Repeat, exactly and with no pictures, the lines that run from the beginning of the entries through the line containing "As a tiny tractor, the".

=-=-=

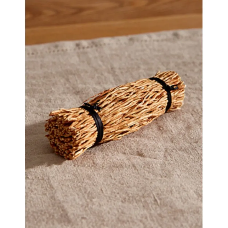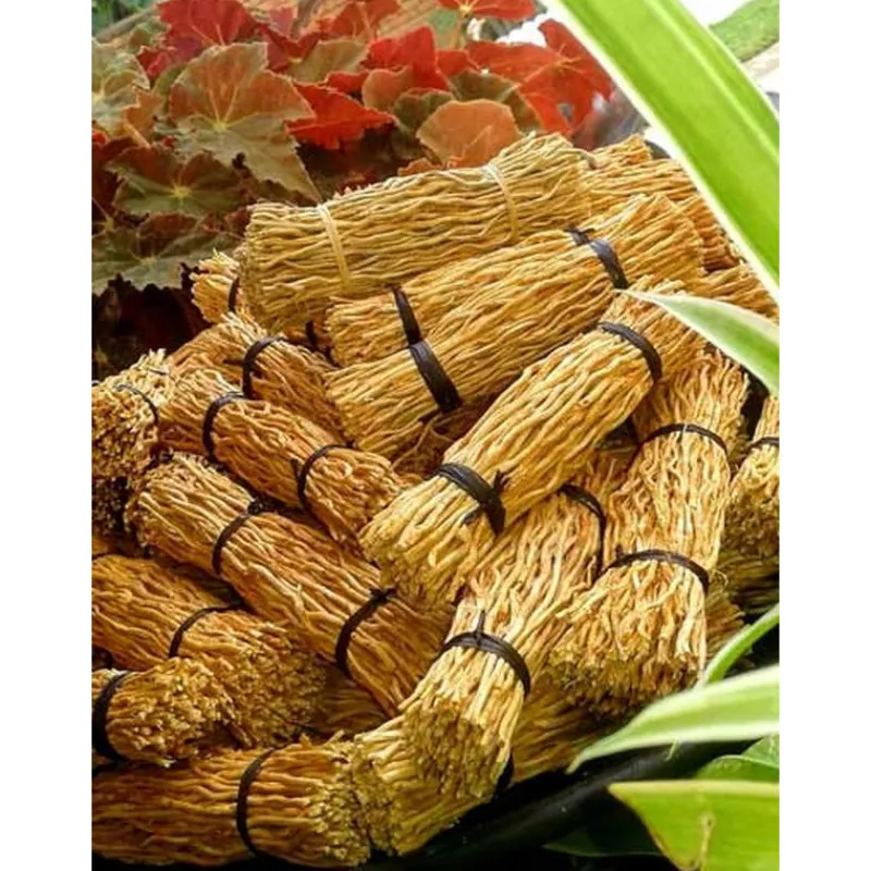 Dans son milieu naturel, le vétiver se présente sous forme de grandes touffes vertes, dont la racine se développe verticalement. Non toxique et sans aucun produit nocif, la racine de vétiver est le produit par excellence pour purifier votre maison. Une fois séchée, la racine est travaillée en joli bouquet et fagotin pour agrémenter votre intérieur.
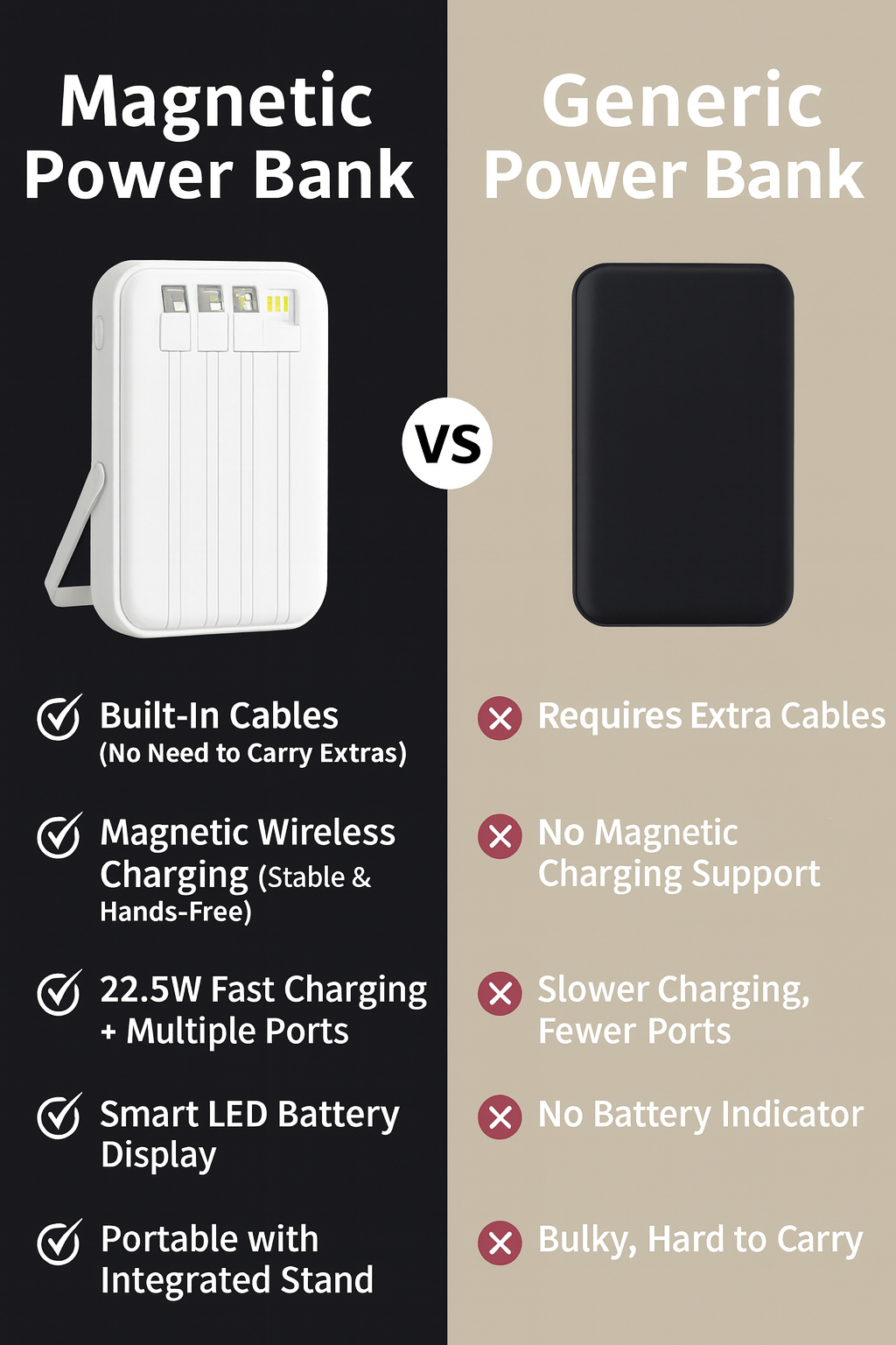 The power bank supports 22.5W fast charging with cables and 15W wireless fast charging, giving your devices a quick boost when you need it most.
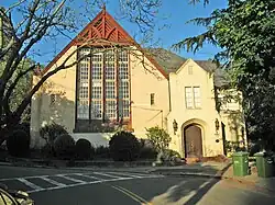 Hillside first opened in the Fall of 1901 on the nearby southwest corner of Le Roy Avenue and Virginia Street.[3][4] This first Hillside, constructed under the auspices of the newly formed Hillside Club,[5] for the Berkeley Public Schools, was one of the hundreds of structures that were destroyed by the 1923 Berkeley fire. The school was temporarily relocated, from late 1923 until August 1926, to the University School (1414 Walnut Street) while a new school building was constructed.
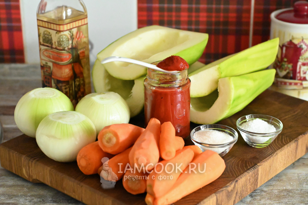 Подготовьте все необходимые продукты для консервирования кабачковой икры на терке на зиму.
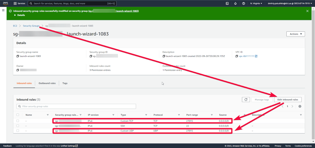 For the server to be usable, open TCP and UDP port 27015 in your VM’s security group.
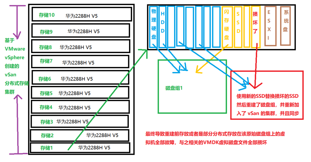 整个VMware vSphere共控制多个集群,其中出现故障的集群使用的vSAN分布式结构存储,该vSAN由10台华为2288H V5 存储构成,每一台存储由2块HDD(物理盘)和一块SSD(闪存盘)构成1个磁盘组,每台存储都有4个磁盘组。
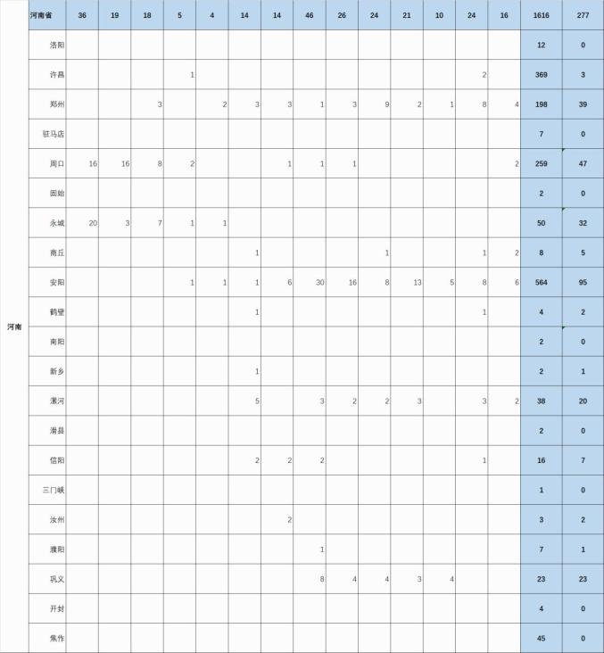 12、河南省:4月19日0—24时,河南省新增本土确诊病例3例(安阳市3例),新增本土无症状感染者13例(郑州市4例,安阳市3例,漯河市2例,商丘市2例,周口市2例)。新增境外输入无症状感染者4例,无新增境外输入确诊病例和疑似病例。17例本土无症状感染者解除医学观察。2020年1月21日至2022年4月19日24时,河南省累计报告确诊病例2862例(本土2652例、境外输入210例),现有住院病例23例(本土21例,境外输入2例),尚在医学观察的无症状感染者213例(本土206例,境外输入7例)。累计追踪到密切接触者81238人,正在观察的密切接触者7194人。河南省疫情研判
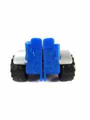 As a tiny tractor, the vehicle is smaller than a business car and features rolling wheels with no real action features. It's not unlike the rest of the vehicle modes, it doesn't do much of anything beyond look neat. A Decepticon symbol is visible as a scannable sticker for an app-based game I have yet to try, and silver deco over each wheel looks pretty spiffy. It's not true to the animation model, but hey, at least it looks neat. The transformation process is kind of a pain - the leg on mine kept popping off. I don't expect I'll play with it much.
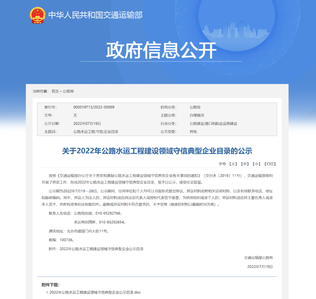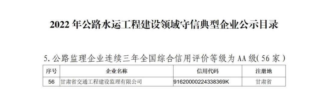 甘肅省交通工程建設(shè)監(jiān)理有限公司上榜交通運(yùn)輸部公路水運(yùn)工程建設(shè)領(lǐng)域守信典型企業(yè)目錄
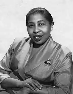 Randolph worked on the vaudeville and burlesque circuits as a comedian[21] and as a singer, noting that Abbott and Costello also got their start the same way.[6][22][23] Randolph took a four-year hiatus from show business in 1932; she married and helped her husband run their restaurant in New York called The Clam House, which was a favorite of those in the entertainment industry.[18][24] She then returned to performing, playing piano at a Greenwich Village club called The Black Cat.[25][26] She continued recording for Bluebird Records, a label created in 1932 and owned by RCA Victor Records. She did the vocals with her own band, billed as Amanda Randolph and her Orchestra.[27][28] The records were made in New York City on October 8, 1936. On that date, Amanda cut: "Please Don't Talk About My Man" (Bluebird 6615), "Doin' The Suzie-Q" (Bluebird 6615), "Honey, Please Don't Turn Your Back On Me" (Bluebird 6616), "For Sentimental Reasons" (Bluebird 6617), "He May Be Your Man But" (Bluebird 6617), and "I've Got Something In My Eye", (Bluebird 6619-B).[27][28][29] She also recorded "After Hours"; some of these songs can be heard on radio station KBRD which also broadcasts on the internet.[30]

=-=-=

### SOLUTION TO THE EXERCISE
 Dans son milieu naturel, le vétiver se présente sous forme de grandes touffes vertes, dont la racine se développe verticalement. Non toxique et sans aucun produit nocif, la racine de vétiver est le produit par excellence pour purifier votre maison. Une fois séchée, la racine est travaillée en joli bouquet et fagotin pour agrémenter votre intérieur.
 The power bank supports 22.5W fast charging with cables and 15W wireless fast charging, giving your devices a quick boost when you need it most.
 Hillside first opened in the Fall of 1901 on the nearby southwest corner of Le Roy Avenue and Virginia Street.[3][4] This first Hillside, constructed under the auspices of the newly formed Hillside Club,[5] for the Berkeley Public Schools, was one of the hundreds of structures that were destroyed by the 1923 Berkeley fire. The school was temporarily relocated, from late 1923 until August 1926, to the University School (1414 Walnut Street) while a new school building was constructed.
 Подготовьте все необходимые продукты для консервирования кабачковой икры на терке на зиму.
 For the server to be usable, open TCP and UDP port 27015 in your VM’s security group.
 整个VMware vSphere共控制多个集群,其中出现故障的集群使用的vSAN分布式结构存储,该vSAN由10台华为2288H V5 存储构成,每一台存储由2块HDD(物理盘)和一块SSD(闪存盘)构成1个磁盘组,每台存储都有4个磁盘组。
 12、河南省:4月19日0—24时,河南省新增本土确诊病例3例(安阳市3例),新增本土无症状感染者13例(郑州市4例,安阳市3例,漯河市2例,商丘市2例,周口市2例)。新增境外输入无症状感染者4例,无新增境外输入确诊病例和疑似病例。17例本土无症状感染者解除医学观察。2020年1月21日至2022年4月19日24时,河南省累计报告确诊病例2862例(本土2652例、境外输入210例),现有住院病例23例(本土21例,境外输入2例),尚在医学观察的无症状感染者213例(本土206例,境外输入7例)。累计追踪到密切接触者81238人,正在观察的密切接触者7194人。河南省疫情研判
 As a tiny tractor, the vehicle is smaller than a business car and features rolling wheels with no real action features. It's not unlike the rest of the vehicle modes, it doesn't do much of anything beyond look neat. A Decepticon symbol is visible as a scannable sticker for an app-based game I have yet to try, and silver deco over each wheel looks pretty spiffy. It's not true to the animation model, but hey, at least it looks neat. The transformation process is kind of a pain - the leg on mine kept popping off. I don't expect I'll play with it much.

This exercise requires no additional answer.